The fee (which could also help balance our budget) can be tuned to give that human a fighting chance and to discourage the very worst kind of artificial intelligence from leaping upon our necks out of the dark.
Copyright © 2011. All rights reserved.
David Brin is a scientist and author whose future-oriented novels include ‘Earth,’ ‘The Postman’ and Hugo Award winners ‘Startide Rising’ and ‘The Uplift War.’ Brin is also known as a leading commentator on technological trends. His nonfiction book—’The Transparent Society’—won the Freedom of Speech Award of the American Library Association. Brin’s newest novel, ‘EXISTENCE,’ explores the minefield of survival that confronts any intelligent species. It will be published by Tor Books in June. He can be found on the web at www.davidbrin.com.
Footnotes
* In fairness, here is a report written by a finance industry think tank attempting to rebut the notion of transaction tax. It appears to make precisely the “efficiency” arguments I predicted. Go ahead and hear the other side out. Only remember, it all boils down to “supply side” mysticism that has never, ever seen any of its large scale predictions come true.
In any event, it seems that the experiment will be run, if the new EU arrangements do include (as I’ve heard) a transaction fee. One reason that the British government (largely swayed by the “City” banks and trading firms) opted out.

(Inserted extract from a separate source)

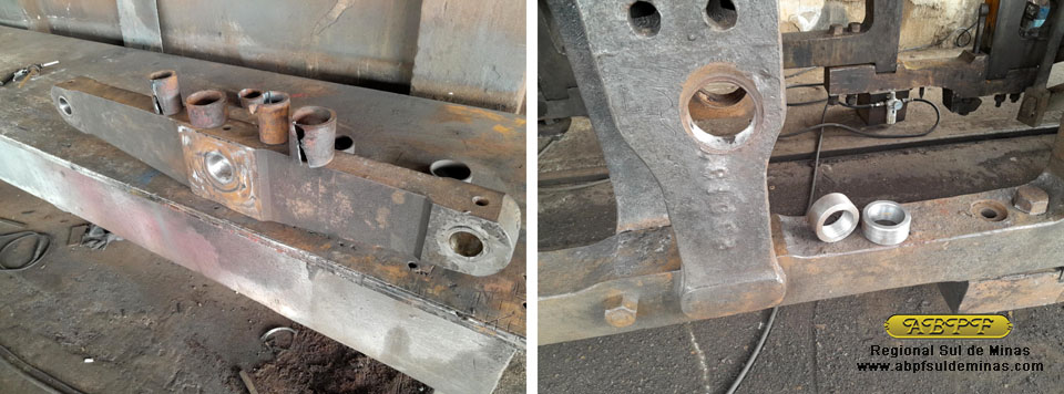 – Novas buchas já vão sendo confeccionadas e montadas. Detalha das buchas antigas acima da peça.

**One expert wrote in, supporting the STET with a series of sample portfolio experiments, showing that any human trader will see almost no inconvenience of “friction” but that flash predatory programs would lose their advantage:
“Now compare this to the cost of the transaction taxes. In my own case, my most frequently traded portfolio is once a month. A .05 percent tax would amount to a 1.0005^12 or .6% drag on my Compound Annual Growth Rate. For my quarterly and annual portfolios, the numbers are .2 percent and .05 percent respectively. I would point out that this is small compared to the reduction in drag that came from decimalization that happened after I started running this portfolio.
“The useful thing is that this drag increases exponentially with trading frequency. Trade 1,000 times and the drag is 64 percent; 10,000 times and it is 14,800 percent; a million times and my calculator overflowed. This means that even if you deem .6 percent too onerous for the monthly trader, you could go to .005% and the 64% bite occurs at the 10,000 trade level and 14,800 percent at 100,000 trades and now you can calculate that a million trades will give you a drag of 5*10^23% all while costing me 0.06% a year on my monthly.
“You could even feed this money into the Securities Investor Protection Corporation so that this provides additional counterpart protection as compensation for the minor sums being charged to the low-frequency trader. I would argue that any putative efficiency gain from high-frequency fully automated trading is more than outweighed by the systemic risks of putting the financial system largely in the care of systems whose behavior cannot be comprehensively understood, much less predicted. That this can be limited while imposing essentially zero net cost on retail investors strongly argues for doing so.”